EXERCISE OBJECTIVE:
Among the entries below, only the lines starting at the one with "莱登卡奴 2026新款A类水洗棉麻复古花边麻棉四件套 欢乐兔" and ending at the one with "Die im Paket", both included, are to be printed exactly.

DATA FOR ANALYSIS:
———
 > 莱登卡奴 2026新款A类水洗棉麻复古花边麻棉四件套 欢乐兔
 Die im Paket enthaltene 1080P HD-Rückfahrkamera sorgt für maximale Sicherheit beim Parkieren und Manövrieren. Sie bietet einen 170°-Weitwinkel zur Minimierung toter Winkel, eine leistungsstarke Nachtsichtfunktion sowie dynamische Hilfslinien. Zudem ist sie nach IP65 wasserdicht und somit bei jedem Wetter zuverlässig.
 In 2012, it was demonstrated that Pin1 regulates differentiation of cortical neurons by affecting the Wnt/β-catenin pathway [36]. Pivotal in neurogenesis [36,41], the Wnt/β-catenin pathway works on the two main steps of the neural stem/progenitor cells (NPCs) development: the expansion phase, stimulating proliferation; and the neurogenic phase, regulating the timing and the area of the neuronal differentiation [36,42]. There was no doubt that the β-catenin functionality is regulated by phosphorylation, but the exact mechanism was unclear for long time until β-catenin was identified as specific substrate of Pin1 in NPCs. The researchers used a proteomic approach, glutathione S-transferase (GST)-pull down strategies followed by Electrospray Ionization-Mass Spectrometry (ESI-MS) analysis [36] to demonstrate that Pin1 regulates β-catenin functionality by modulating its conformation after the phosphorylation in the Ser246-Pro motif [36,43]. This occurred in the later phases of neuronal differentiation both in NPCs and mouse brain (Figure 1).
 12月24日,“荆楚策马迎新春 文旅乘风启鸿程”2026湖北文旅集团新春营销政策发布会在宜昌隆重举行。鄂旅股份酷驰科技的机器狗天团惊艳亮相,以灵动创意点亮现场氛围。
———
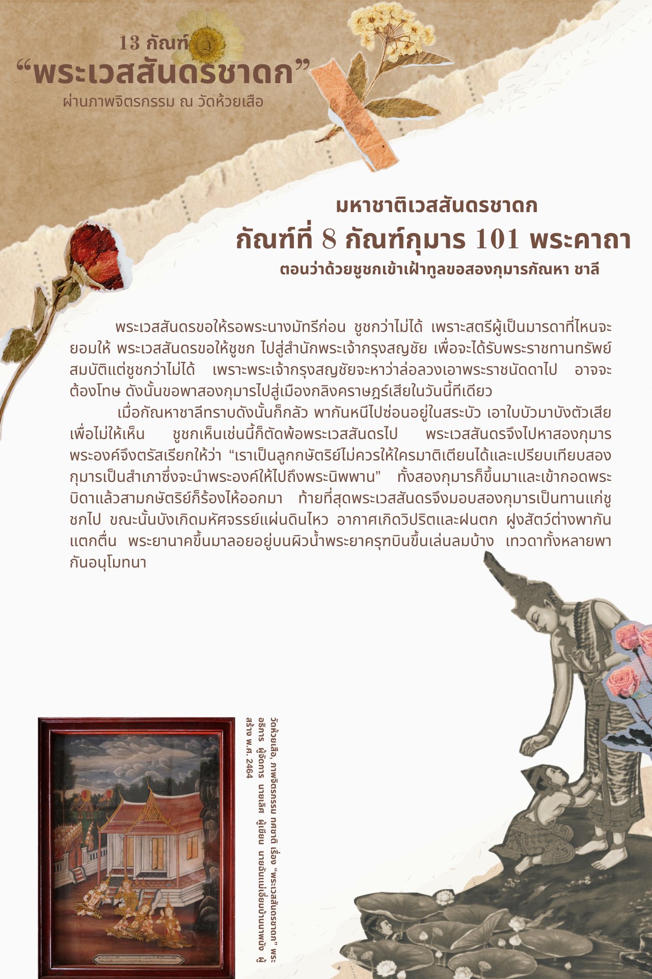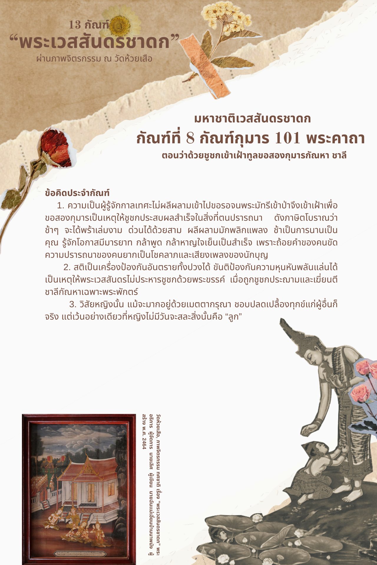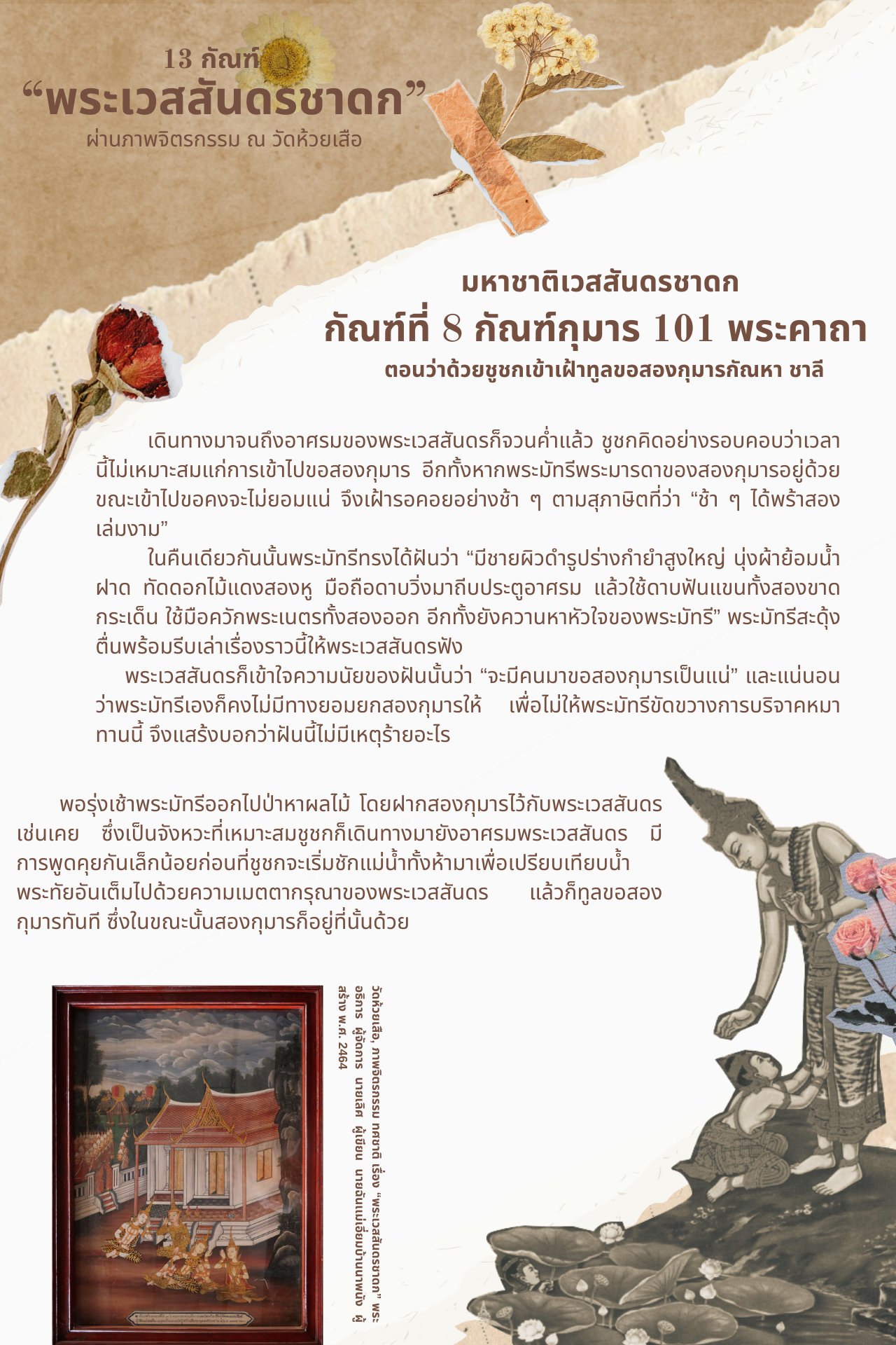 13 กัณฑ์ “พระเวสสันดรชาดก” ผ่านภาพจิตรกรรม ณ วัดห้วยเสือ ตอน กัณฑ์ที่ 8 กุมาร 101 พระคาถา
———
RESPONSE BELOW:
 > 莱登卡奴 2026新款A类水洗棉麻复古花边麻棉四件套 欢乐兔
 Die im Paket enthaltene 1080P HD-Rückfahrkamera sorgt für maximale Sicherheit beim Parkieren und Manövrieren. Sie bietet einen 170°-Weitwinkel zur Minimierung toter Winkel, eine leistungsstarke Nachtsichtfunktion sowie dynamische Hilfslinien. Zudem ist sie nach IP65 wasserdicht und somit bei jedem Wetter zuverlässig.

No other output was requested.